Экспансионизм — следствие логического позитивизма и веры в
“эго”. Если вы не верите в “эго” как нечто первостепенное, а
верите в медитацию и пытаетесь как-то соотнести себя со Вселенной,
то мысль об экспансии и в голову вам не придет, тогда,
скорее, вас ожидает крушение, как это случилось с Индией и
Китаем.

— А интересует ли вас Россия помимо политики?

— Да, безусловно. Россия — моя колыбель. Мой герой
Персуорден вышел из “Записок из подполья” Достоевского.
Его темперамент совершенно русский. При всей британскости
Персуордена его можно было бы встретить где-нибудь у Чехова.
Обаяние Персуордена предельно русское. Ведь отчаянию
нас научили русские.

— У вас на столе, если не ошибаюсь, книга Василия Розанова?

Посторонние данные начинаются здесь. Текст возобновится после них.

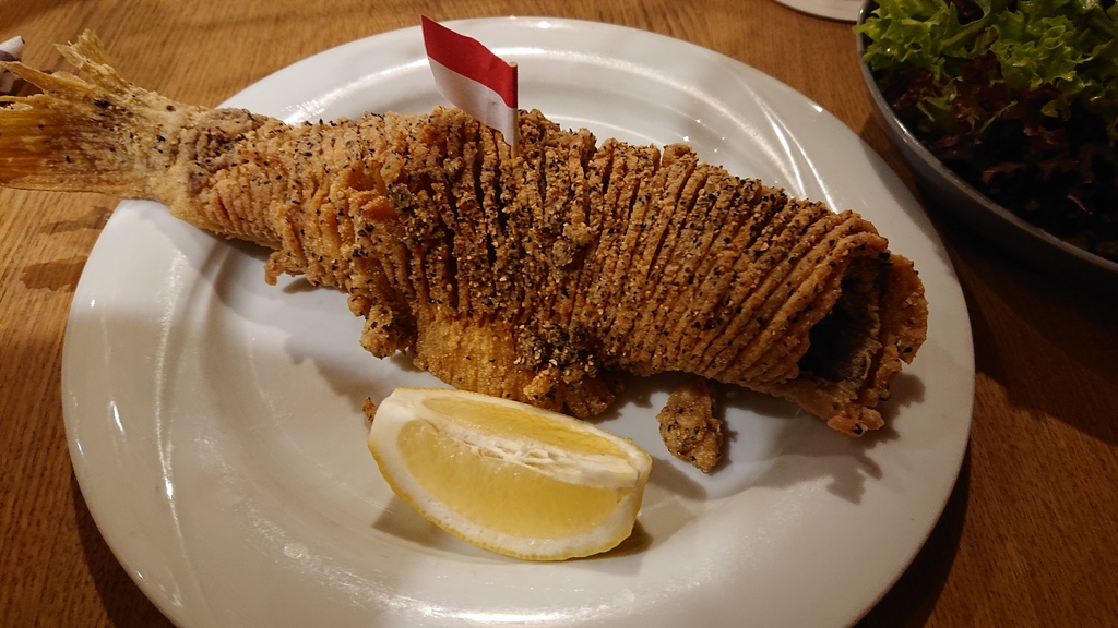 Heute probiere ich das Pfefferkarpfenfilet. Mit extraknuspriger Schwanzflosse und
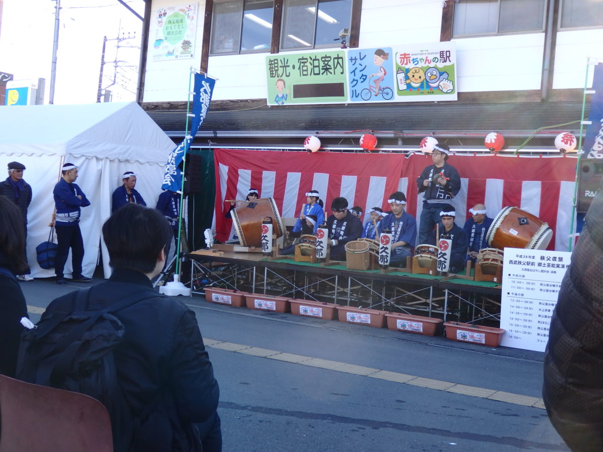 初日の12月2日は宵宮と呼ばれています。10:00から秩父神社の神楽殿で「秩父神社神楽」奉奏が行われた後、11:00頃には山車の曳き廻しが始まります。

— Это моя настольная книга. Розанов для меня первый
среди русских. То, что я нашел у Достоевского, — у Розанова в
более сжатой, мистической форме. Жаль, я не знаю русского и
не могу прочесть его в оригинале. Впервые я натолкнулся на
имя Розанова в письмах Дэйвида Герберта Лоренса. В Лондоне
тогда жил один русский по имени Котелянский. В письмах Лоренса
он просто Кот: “приходил Кот, Кот уехал, Кот прислал
несколько книг”. Так вот, Котелянский перевел Розанова на
английский, а Лоренс помог с публикацией книги, которая
вышла в 1925 году. Сперва вышли “Опавшие листья”, а потом
“Уединенное”. С литературной точки зрения самое интересное
в этих книгах то, что Розанов, не ставя никаких литературных
задач, просто фиксировал свои мысли, ну, как пузырьки
шампанского, всплывающие на поверхность. И после каждой записи
отмечал, где ему пришла в голову та или иная мысль, чтобы
как-то удержать ее. Это эксцентрично, сами мысли в эстетическом
отношении пустяшны, другими словами, это вовсе не
рассуждения о Боге, жизни, любви, а простые впечатления: солнечно,
жарко, запись сделана сегодня. Короче, на переднем плане
мысль, вне всякого контекста. Познакомившись с дзен
буддизмом, я понял, чего добивался Розанов: чистоты мысли.

— Вы как-то с гордостью заметили, что в доме Пастернака
до сих пор стоят книги из “Александрийского квартета”.


— Вся эта история с Нобелевской премией была просто
постыдной. Как раз тогда мои английские издатели получили
предложение из СССР издать “Квартет” по-русски. Но я сказал:
нет, извините, давайте повременим. Это был русский поступок,
это был жест солидарности с русским гением, и я с радостью
совершил этот поступок. В конце концов, хоть у нас и нет власти,
но мы что-то пишем, и с какой стати эти бюрократы должны
решать за читателей, что им читать. Читатель должен быть
волен в выборе книги.

— Не испытываете ли вы соблазна быть не только писателем,
но и общественным деятелем? В двадцатые-тридцатые годы
некоторые крупнейшие европейские писателя — Ромен Роллан,
Максим Горький, Бернард Шоу взяли на себя роль “совести
наций, “защитников гуманистических идеалов.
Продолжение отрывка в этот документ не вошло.